По мнению всего местечка, старший брат Мирона был настоящим илуем[27], и Господь, видимо не желая дарить все только одной какой-то ничем не выдающейся семье, вычитал понемногу с других детей. Одна сестра вечно болела, старшая была уже девушкой на выданье, а ей все никак не находился жених, ну а младший братишка рос немым. Правда, однажды, когда кочевавший по разным затерянным местечкам Российской империи кантор с хором из Одессы заглянул и в их маленькую синагогу, случилось нечто неожиданное. К изумлению всех членов общины, Мирон прямо со своего места стал подпевать пронзительным голосам мальчиков. Мужчины выпучили глаза, а у тети Брони именно с этого момента навсегда перекосило лицо. «Этот ребенок просто пока не видел смысла в произнесении слов, так? – на следующий день пояснил рав Шендер. – Либо он будет мудрецом, либо – умалишенным, либо на гуслях будет играть, так? Вы понимаете?»

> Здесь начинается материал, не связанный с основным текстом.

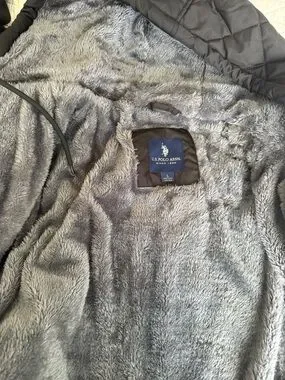 U.S. Polo Assn Quilted Jacket Men L Fleece Lined Hooded Coat Black Winter Casual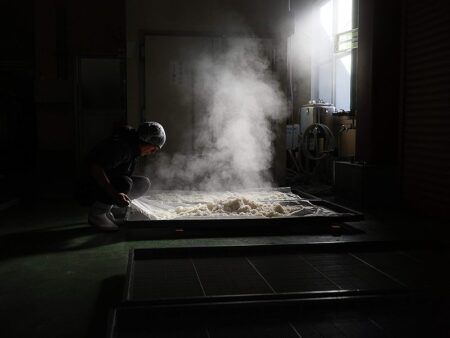 Ironically, Senjo’s industrial-scale facilities posed a prohibitive bottleneck when it came to trying out Kurogochi’s less-is-more approach. Oriented toward mass production, the brewery was routinely converting 6,000 kg of rice into 15,000-liter batches of sake. This was far too many zeros to risk on an experimental batch — failure would mean literally pouring money down the drain.
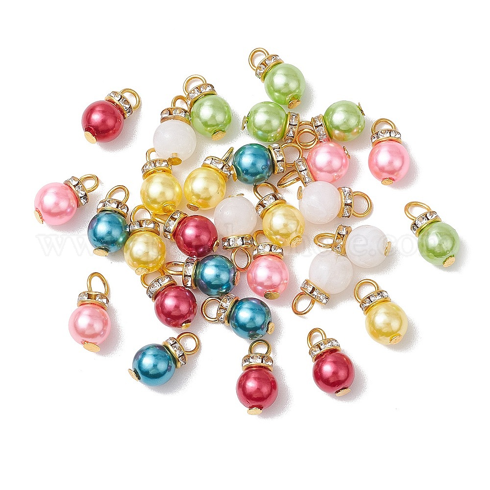 30шт 6 цвета АБС пластик имитация жемчуга подвески, с железными бусинами-разделителями из стразов и железными штифтами, круглые подвески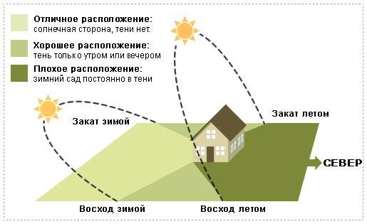 En règle générale, un jardin d'hiver est organisé dans une extension de la maison, et dans ce cas, il est très important de quel côté cette extension sera située: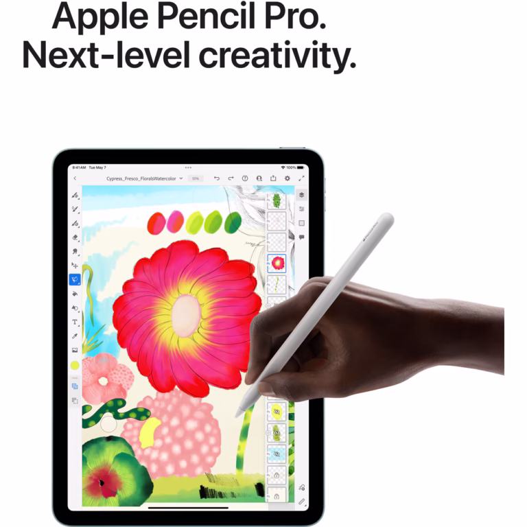 Apple Pencil Pro transforma iPad Air intr-o panza captivanta de desen sau pictura si un dispozitiv de luat notite. Apple Pencil (USB-C) este compatibil si cu iPad Air. Apple Pencil Pro se vinde separat!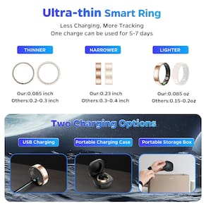Monitoramento de integridade de precisão: o anel inteligente é um anel de fitness/anel de saúde inteligente/anel rastreador de sono, o rastreador de saúde do anel inteligente está gravando frequência cardíaca, passos, distância, monitoramento de calorias, usando tecnologia avançada de gestos de ar, você pode tocar a superfície do anel, deslizar para controlar o Tik tok para virar páginas para cima e para baixo, tirar fotos e vídeos remotamente, jogar, virar páginas de e-books etc., desfrute de uma experiência interativa mais conveniente - Confortável de usar e à prova d'água: após esforços contínuos e inovação, a espessura desta nova geração de anel de saúde vital ultrafino para mulheres e homens é 0,2 cm, o que é 0,1 cm mais fino do que os outros, a largura desses anéis inteligentes para homens é de 0,6 cm, que é 0,2 cm mais estreito do que outros anéis inteligentes, e é muito confortável de usar, o anel de saúde é à prova d'água e feito de materiais de alta qualidade. garantindo que ele possa lidar com tudo de exercícios a chuveiros. - Monitoramento de precisão do sono: estes anéis de saúde ultrafinos para mulheres e homens também podem monitorar automaticamente seu sono. Este anel rastreador de sono permite que você visualize dados de sono diários, semanais e mensais no aplicativo. Melhore a qualidade do seu sono com relatórios detalhados sobre sono profundo, sono leve, movimento dos olhos e número de despertares. - Rastreador de atividades físicas: os anéis de fitness para mulheres e homens rastreiam automaticamente várias atividades, servem como um rastreador de fitness abrangente, mantenha seus objetivos de fitness no caminho certo monitorando seus passos, tempo esportivo, frequência cardíaca, calorias queimadas, distância ao longo do dia e níveis de atividade. O anel fitness ajuda você a se manter motivado e ativo. - Monitoramento holístico de saúde: monitore sua saúde sem esforço com este anel inteligente fino, anel de saúde vital para mulheres e homens, que monitora a qualidade do sono 24 horas, níveis de atividade 24 horas, frequência cardíaca de 24 horas, saturação de oxigênio no sangue 24 horas e queima diária de calorias. O anel rastreador de sono fitness pode ficar no topo da sua forma física e bem-estar geral. - Bateria de longa duração: o anel inteligente ultrafino para mulheres e homens usa tecnologia avançada de carregamento sem fio, depois que o rastreador de sono estiver totalmente carregado, pode ser utilizado continuamente por até 5 a 7 dias. O estojo de carregamento portátil é bom e ideal para viajantes de negócios frequentes e entusiastas de atividades ao ar livre, garantindo monitoramento contínuo da saúde, não importa onde você esteja. Seja um aniversário, Dia dos Namorados, Dia das Mães, Dia dos Pais, Ação de Graças ou Natal, anéis de fitness para mulheres são uma escolha prática e significativa.

Бар мицву Мирону справляли без отца. Тогда уже было очевидно, что, оставаясь по-прежнему мальчиком со странностями, умалишенным он не стал. Своего, хоть и небольшого, по мнению общины, ума он не лишился, даже когда его брат был расстрелян в двух шагах от дома как коллаборационист.
Гении никогда толком не знают, по какой стороне улицы нужно ходить, а тут как раз русская армия выбивала немецких солдат из домов. Про евреев ходили слухи, что они шпионы, и армия по отношению к ним была настроена истерично. То ли в темноте книги в руках рассеянного юноши показались оружием, то ли просто сорвалось с курка проклятие. За день до этого с хлебом-солью и Торой мужчины местечка робко и важно вышли навстречу освободителям, а после молебна в честь победы российского воинства позвали к себе постояльцев попотчевать чем могли. Подоспевшие вечером казаки повыскребли все до последней крохи даже из самых бедняцких домов, здорово попортили все, что им было не нужно, но веселье все равно никак не разгоралось, и только у рава Шендера, у которого к тому же была необычайно красивая дочь, пошло оно во всю свою стихийную разгуляйщину. Долго еще вокруг его дома находили те клочки древнейших талмудических книг, которые, в отличие от других, утяжеленных казацким калом, могли летать легоконько по ветру среди куриных перьев и хлопьев первого снега.